Problem to work on
Your task is to transcribe all the entries exactly, excluding pictures.

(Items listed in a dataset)
————————
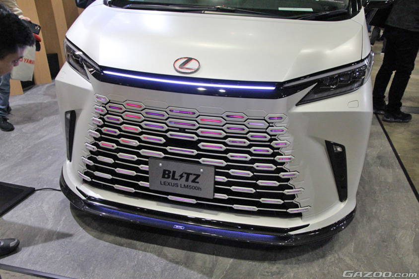 総合チューニングパーツメーカー『ブリッツ』のブースには、チューニングカーとともにレクサス・LMのカスタムコンセプトカーも展示されていた。
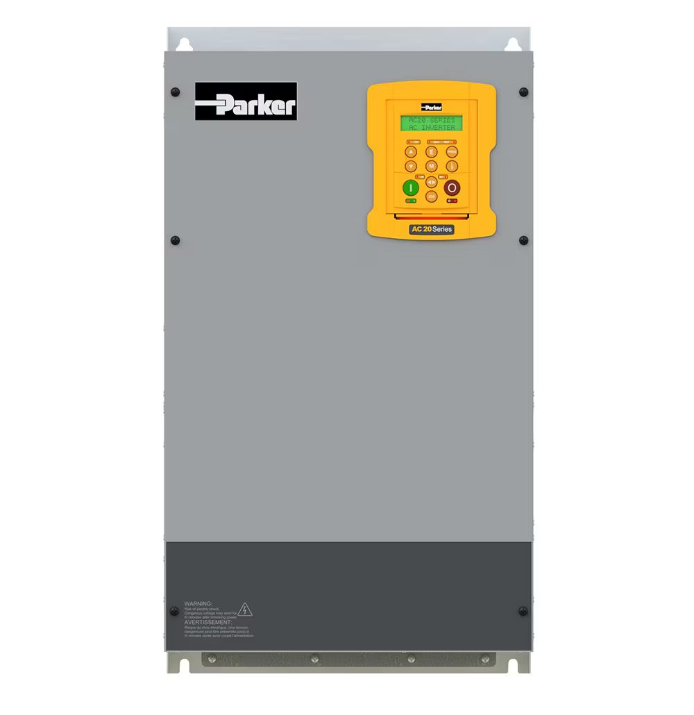 This is Variable Speed Drive 55 kW 3 Phase 380 → 480 V ac 110 A AC20 Series manufactured by Parker. The manufacturer part number is 20G-47-1100-BF. The product has a current rating of 110 a. The product complies with all safety standards, such as ce, rohs compliant, ul listed. It is IP rated with ip20. The product ac20, is a highly preferred choice for users. The product features a ac drive. A bespoke product is ethernet tcp/ip interface. Features 380 → 480 v ac supply voltage. The product is highly suitable for induction and permanent magnet ac motors. It has an overall length of 630mm. Concerning phase options, it features 3 configuration. Similarly, the product has 265mm of overall depth. Feature 55 kw of power rating. It has an overall width of 355mm.
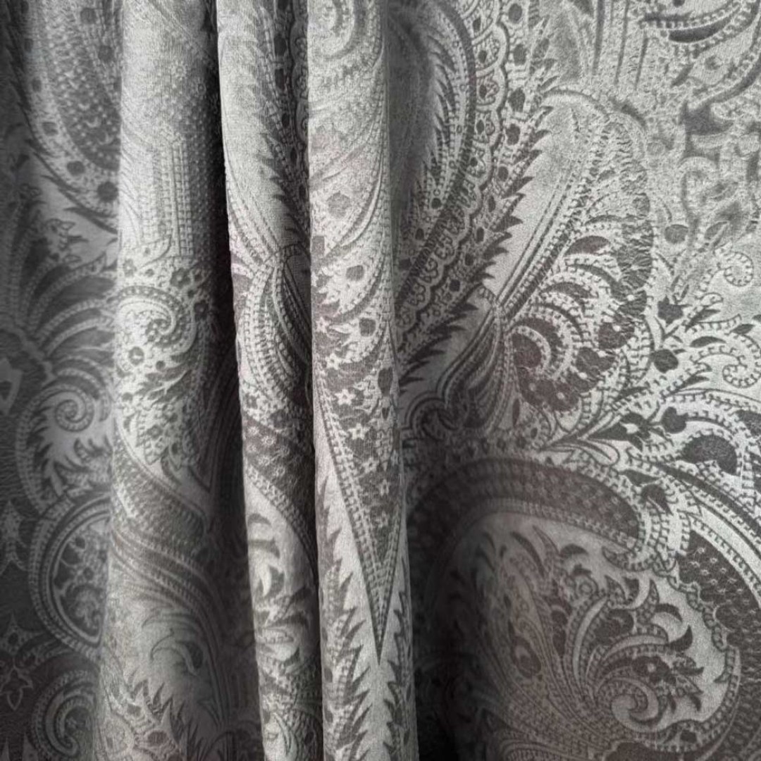 Elevate your space with the timeless elegance of Royal Mirage. This luxurious velvet curtain features an intricately woven damask pattern with a soft, dimensional texture. Perfect for creating a refined, regal atmosphere in living rooms, bedrooms, or formal spaces.
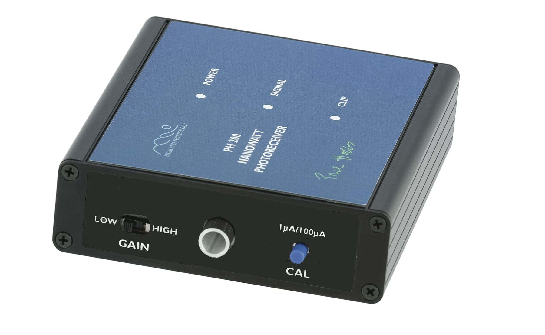 The Highland Technology (San Francisco, CA) PH200 is the first product in the 'PH' series of extreme-performance photonic instruments. The PH200 Nanowatt Photoreceiver, designed in collaboration with Phil Hobbs, is a free-space optical/electrical converter that provides near shot noise performance in a rugged, compact package. The unique photon feedback architecture delivers a bandwidth greater than 1 MHz, with an unprecedented combination of linearity, bandwidth, and dynamic range for 10nA to 100?A photodiode signals.
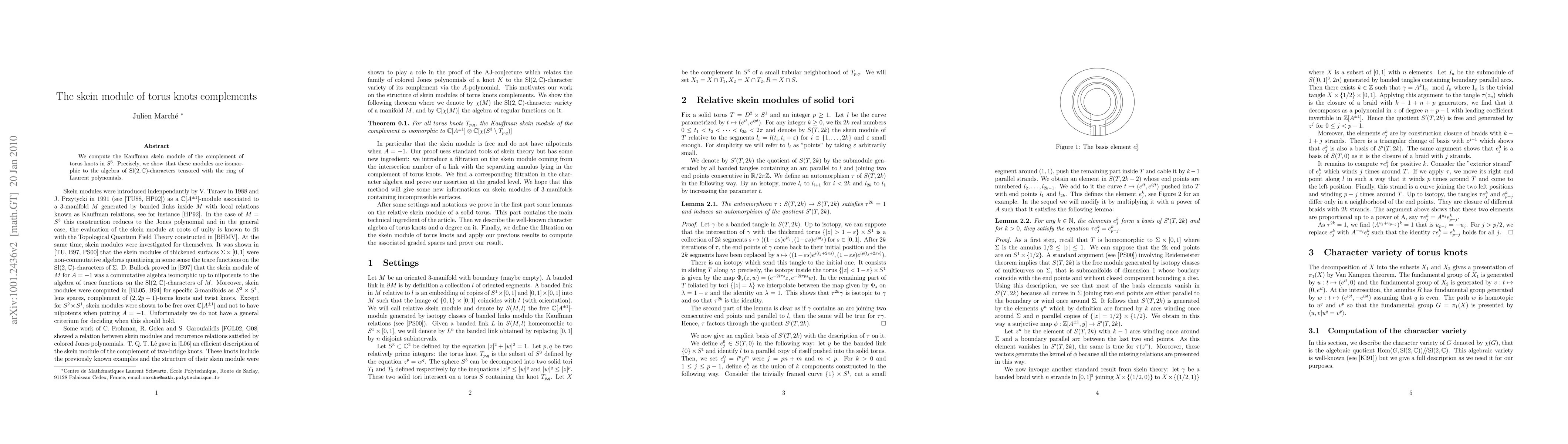 The paper computes the Kauffman skein module of torus knot complements in S^3, demonstrating their isomorphism to the algebra of Sl(2,C)-characters tensored with the ring of Laurent polynomials. This provides a significant algebraic structure for understanding these knot complements.
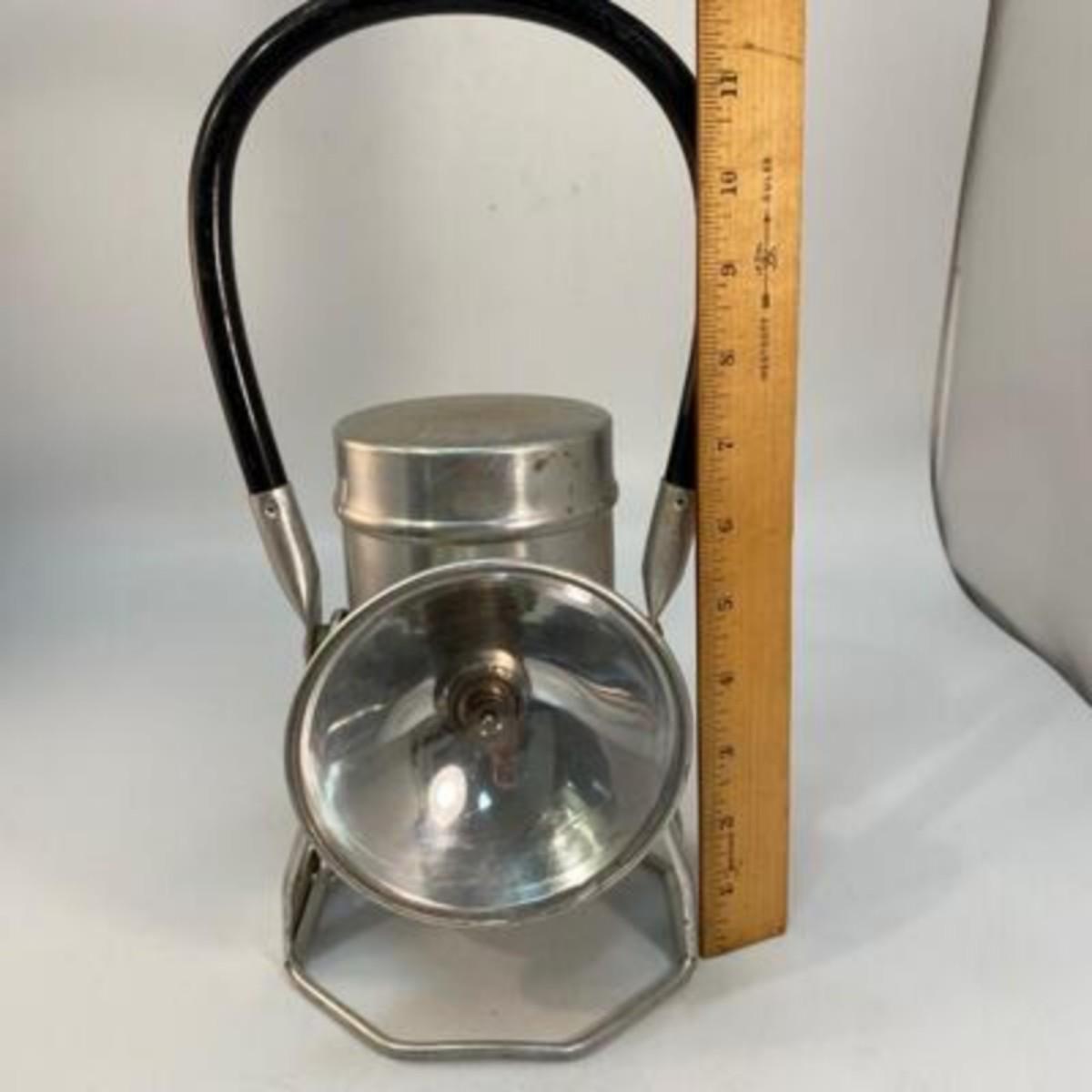 Vintage Aluminum Ecolite Two Way Lantern Flashlight. Battery operated. Bulb can go in either spot. Untested. There is a small storage stash spot behind the battery compartment. In good vintage condition.
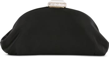 Elevate your evening look with the classic style crafted from luxurious 100% silk, offering a smooth and sophisticated feel. The simple, yet elegant design is enhanced by gold-tone hardware and a removable gold chain, allowing for versatile carrying options. A large rectangular crystal knob adds a touch of glamour, while the clasp closure keeps your essentials secure.
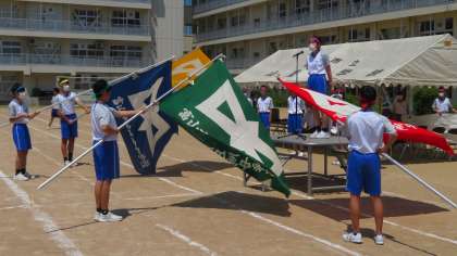 最後に、江上体育大会実行委員長の話(写真)で、結団式を終えました。
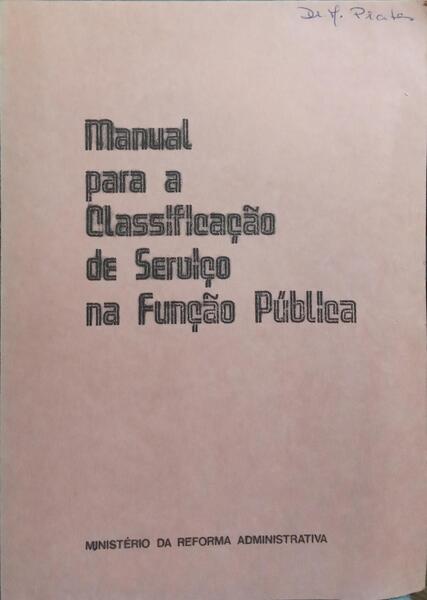 Clique nas imagens para aumentar. MANUAL PARA A CLASSIFICAÇÃO DE SERVIÇO NA FUNÇÃO PÚBLICA.Ministério da Reforma Administrativa. Lisboa. S.d. De 20,5x15 cm. Com 33 págs. Brochado. Ilustrado no texto com diagramas, e em extratexto com uma tabela desdobrável com diagrama. Exemplar com assinatura de posse na capa anterior. Referência: 2508RS694
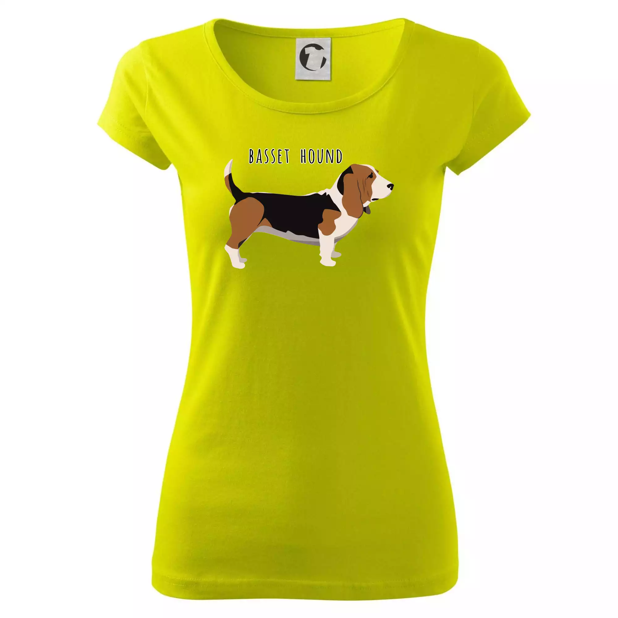 Basset hound pes s nápisem
————————
Result of the exercise
 総合チューニングパーツメーカー『ブリッツ』のブースには、チューニングカーとともにレクサス・LMのカスタムコンセプトカーも展示されていた。
 This is Variable Speed Drive 55 kW 3 Phase 380 → 480 V ac 110 A AC20 Series manufactured by Parker. The manufacturer part number is 20G-47-1100-BF. The product has a current rating of 110 a. The product complies with all safety standards, such as ce, rohs compliant, ul listed. It is IP rated with ip20. The product ac20, is a highly preferred choice for users. The product features a ac drive. A bespoke product is ethernet tcp/ip interface. Features 380 → 480 v ac supply voltage. The product is highly suitable for induction and permanent magnet ac motors. It has an overall length of 630mm. Concerning phase options, it features 3 configuration. Similarly, the product has 265mm of overall depth. Feature 55 kw of power rating. It has an overall width of 355mm.
 Elevate your space with the timeless elegance of Royal Mirage. This luxurious velvet curtain features an intricately woven damask pattern with a soft, dimensional texture. Perfect for creating a refined, regal atmosphere in living rooms, bedrooms, or formal spaces.
 The Highland Technology (San Francisco, CA) PH200 is the first product in the 'PH' series of extreme-performance photonic instruments. The PH200 Nanowatt Photoreceiver, designed in collaboration with Phil Hobbs, is a free-space optical/electrical converter that provides near shot noise performance in a rugged, compact package. The unique photon feedback architecture delivers a bandwidth greater than 1 MHz, with an unprecedented combination of linearity, bandwidth, and dynamic range for 10nA to 100?A photodiode signals.
 The paper computes the Kauffman skein module of torus knot complements in S^3, demonstrating their isomorphism to the algebra of Sl(2,C)-characters tensored with the ring of Laurent polynomials. This provides a significant algebraic structure for understanding these knot complements.
 Vintage Aluminum Ecolite Two Way Lantern Flashlight. Battery operated. Bulb can go in either spot. Untested. There is a small storage stash spot behind the battery compartment. In good vintage condition.
 Elevate your evening look with the classic style crafted from luxurious 100% silk, offering a smooth and sophisticated feel. The simple, yet elegant design is enhanced by gold-tone hardware and a removable gold chain, allowing for versatile carrying options. A large rectangular crystal knob adds a touch of glamour, while the clasp closure keeps your essentials secure.
 最後に、江上体育大会実行委員長の話(写真)で、結団式を終えました。
 Clique nas imagens para aumentar. MANUAL PARA A CLASSIFICAÇÃO DE SERVIÇO NA FUNÇÃO PÚBLICA.Ministério da Reforma Administrativa. Lisboa. S.d. De 20,5x15 cm. Com 33 págs. Brochado. Ilustrado no texto com diagramas, e em extratexto com uma tabela desdobrável com diagrama. Exemplar com assinatura de posse na capa anterior. Referência: 2508RS694
 Basset hound pes s nápisem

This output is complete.